Malaysia is due to take in 100 Syrian refugees next week as part of its commitment to accept 3,000 people from the war-torn country over the next three years, a deputy prime minister announced Saturday.

Malaysia's Ahmad Zahid Hamidi, who also serves as home minister, said the 100 Syrians consisting of 24 families currently at a refugee camp in Lebanon would be brought to capital Kuala Lumpur on May 28.

"They will arrive on three special flights at the Royal Malaysian Air Force base.
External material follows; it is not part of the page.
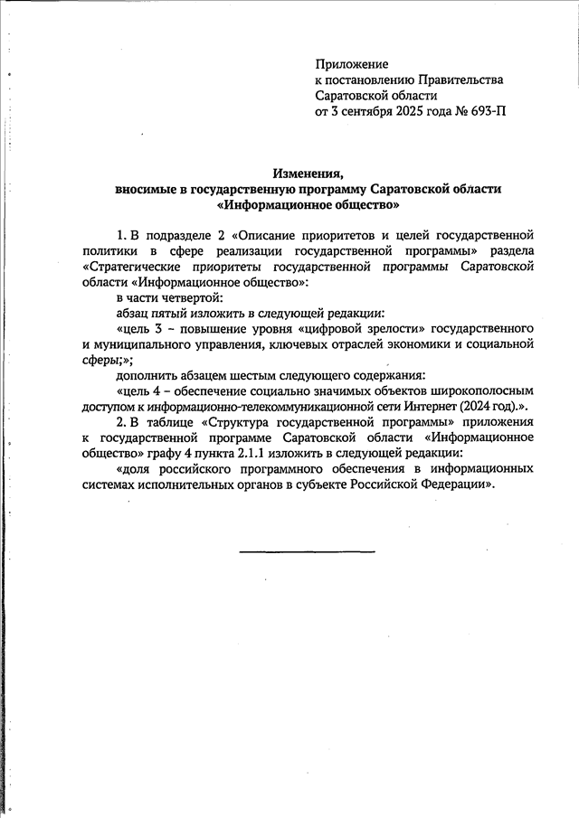 Постановление Правительства Саратовской области от 03.09.2025 N 693-П "О внесении изменений в государственную программу Саратовской области "Информационное общество"

Prime Minister [Najib Razak] would receive them," he said in a statement.

Hamidi added that officials from his ministry, including a police team, would depart for Beirut soon to carry out a security and health screening process before transporting the Syrians to Malaysia.

"We ensure that Malaysia will only bring in those with clean records in both health and security criteria,” he underlined. “They will be placed at a temporary housing in Shah Alam [in western Selangor state].”

In December, eight Syrians with family members living in Malaysia became the first group of refugee from the Middle Eastern country to arrive in the archipelago.

In October, premier Razak had announced to a United Nations General Assembly session in New York that Malaysia would open its doors to 3,000 Syrian migrants over the next three years to help with the refugee crisis caused by the ongoing war.

Five Syrian refugees families have arrived in Malaysia to date, all screened through the Advance Passenger Screening System with the cooperation of Interpol and the United Nations High Commissioner for Refugees (UNHCR).

Malaysia is expected to take in 1,000 Syrian refugees every year from 2016 to 2018.

Malaysia had earlier stressed its unwillingness to become party to the UN’s 1951 Convention relating to the Status of Refugees and its 1967 Protocol.

The country has remained steadfast against inking the convention, while expressing its commitment to continue extending assistance to refugees from the Middle East and the Rohingya Muslim minority who fled Myanmar.

Malaysia currently hosts one of the largest urban refugee populations in the world.

As of 2014, some 146,020 refugees and asylum seekers had been registered with the UNHCR in Malaysia -- with the vast majority, or some 135,000, being from Myanmar.

The three largest groups among those from Myanmar are ethnic Chin, Rohingya and other Muslims.

Syria has been locked in a vicious civil war since early 2011, when the Bashar al-Assad regime cracked down on pro-democracy protests with unexpected ferocity.

Since then, more than 250,000 people have been killed and more than 10 million displaced, according to UN figures.

Turkey, which has hosted 2.7 million Syrians since April 2011, shelters more refugees than any other country in the world, according to the UNHCR.